Misschien is Dantes voornaamste verdienste nog wel het boekwerk ”De Monarcha” uit 1313. Hij wijst daarin op de noodzaak van een monarchie en de scheiding van wereldlijke en goddelijke macht. De keizer is, zo stelt Dante, verantwoording schuldig tegenover God en niet tegenover de paus. Deze leer gaat terug op Augustinus’ gedachtegoed over de aardse en de hemelse staat.

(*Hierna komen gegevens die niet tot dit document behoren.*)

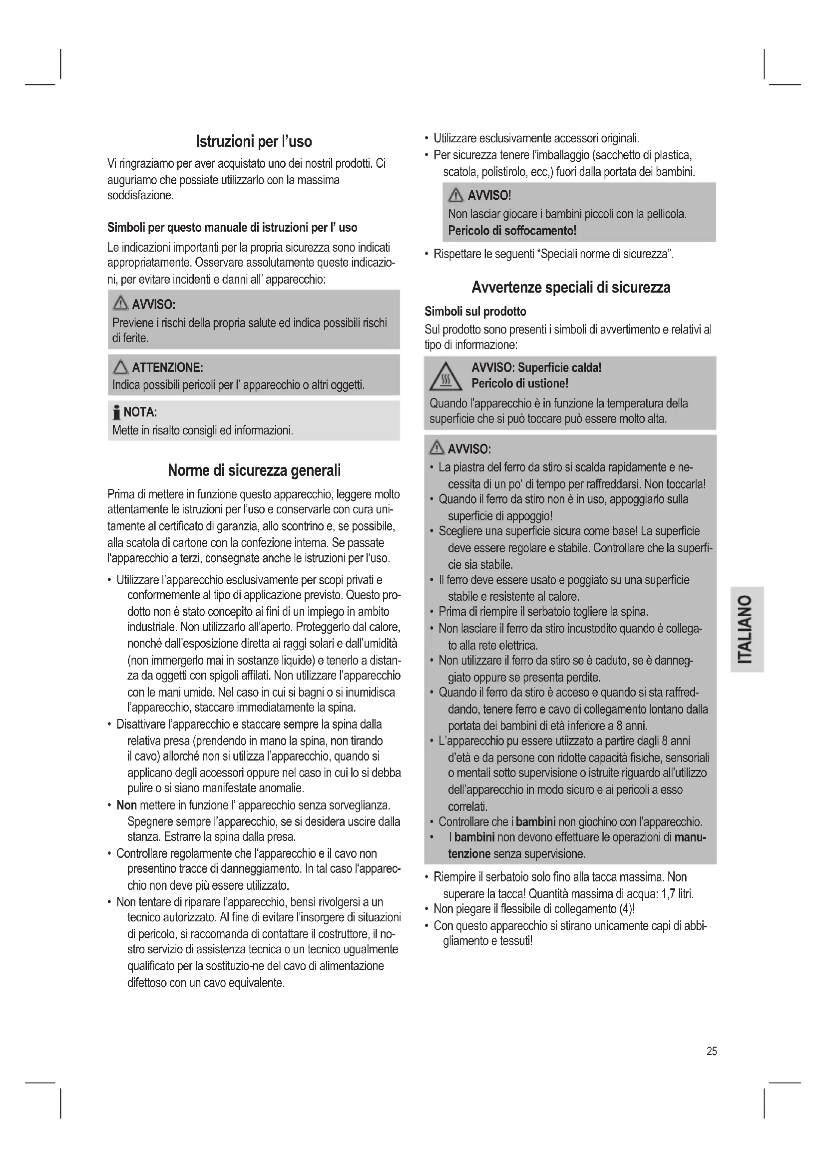 - Con questo apparecchio si stirano unicamente capi di abbi- gliamento e tessuti! Istruzioni per l’uso Vi ringraziamo per aver acquistato uno dei nostril prodotti. Ci auguriamo che possiate utilizzarlo con la massima soddisfazione. Simboli per questo manuale di istruzioni per l’ uso Le indicazioni importanti per la propria sicurezza sono indicati appropriatamente. Osservare assolutamente queste indicazio- ni, per evitare incidenti e danni all’ apparecchio: AVVISO: Previene i rischi della propria salute ed indica possibili rischi di ferite. ATTENZIONE: Indica possibili pericoli per l’ apparecchio o altri oggetti. NOTA: Mette in risalto consigli ed informazioni. Norme di sicurezza generali Prima di mettere in funzione questo apparecchio, leggere molto attentamente le istruzioni per l’uso e conservarle con cura uni- tamente al certicato di garanzia, allo scontrino e, se possibile, alla scatola di cartone con la confezione interna. Se passate l‘apparecchio a terzi, consegnate anche le istruzioni per l‘uso.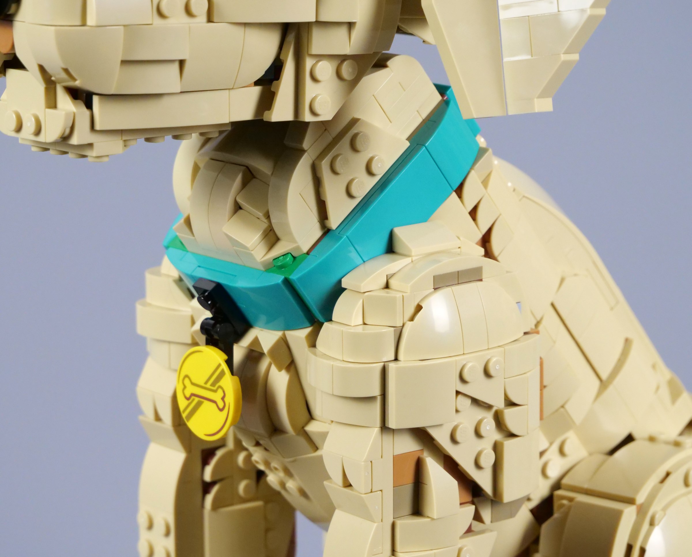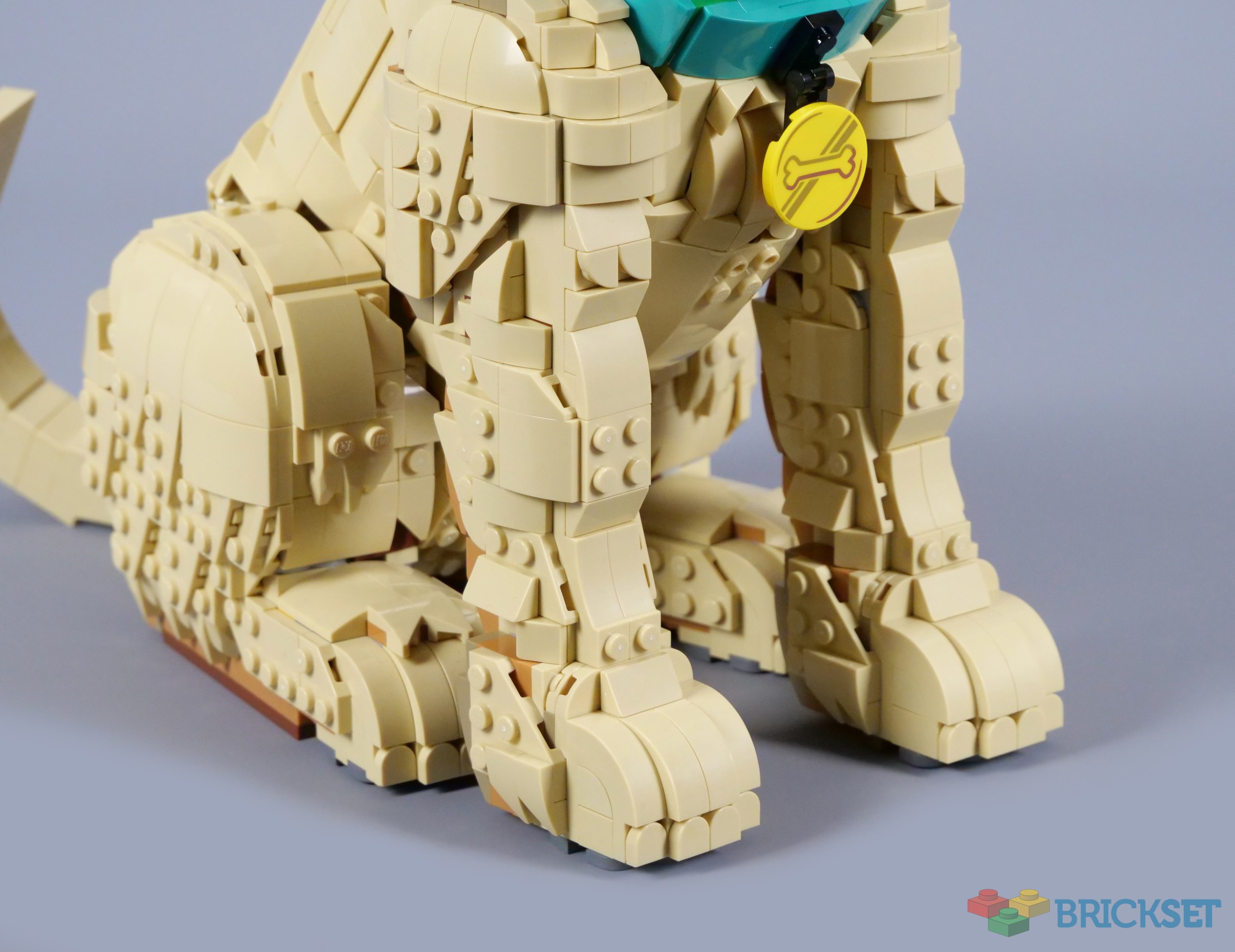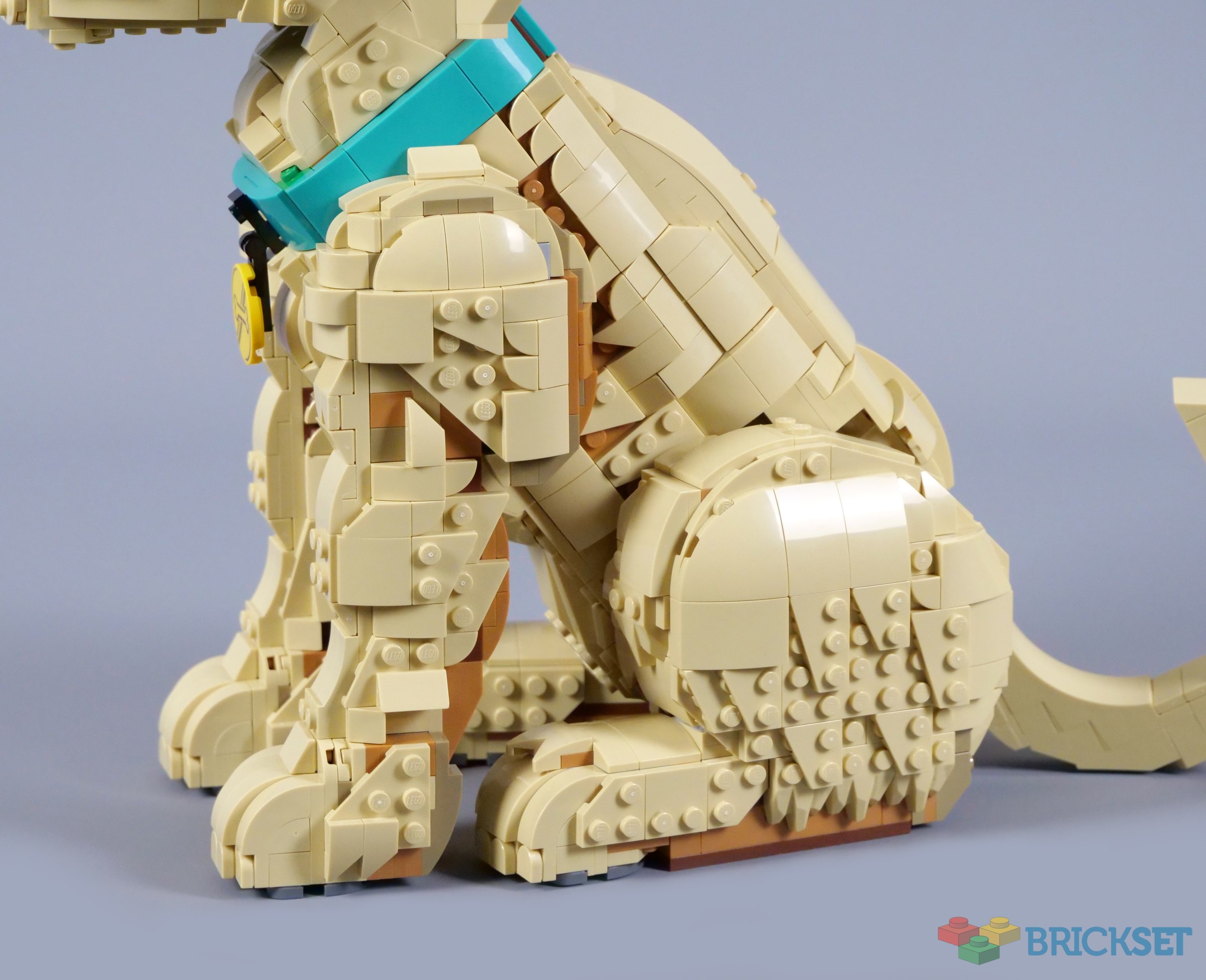 The head in particular is outstanding, although the gap at the back of the neck bothers me. The green parts visible on the collar are annoying too, so there are definitely a few details that could be improved. I think the price of £129.99, $139.99 or €139.99 feels reasonable taken in isolation, but I cannot help comparing it to 21349 Tuxedo Cat, which offers better value at £89.99, $99.99 or €99.99. I would expect the dog to be more expensive, but not quite this much.

Dante Alighieri was een groot dichterlijk vormgever in het christelijke Europa van zijn tijd.
Extreme vreugde en extreem verdriet
„Toen ik zo’n dertig jaar geleden voor het eerst ”La divinia commedia” las, bezorgde mij dat een soort van existentiële schok: ik werd door het gedicht volkomen overdonderd, raakte in een toestand van extreme vreugde en extreem verdriet, en leefde maandenlang in een waas van verwarrende emoties”, schrijft vertaler Frans van Dooren (1934-2005) in de inleiding.
”De goddelijke komedie” is het belangrijkste werk uit de Italiaanse letterkunde, een hoogtepunt van de wereldliteratuur. In ruim 14.000 verzen beschrijft Dante een denkbeeldige reis door het hiernamaals, via hel, louteringsberg en hemel.
boekgegevens
De goddelijke komedie, Dante Alighieri; uitg. Ambo Anthos, Amrsterdam, 2015; 21e druk, ISBN 978 90 263 2866 4; 599 blz.; € 24,99.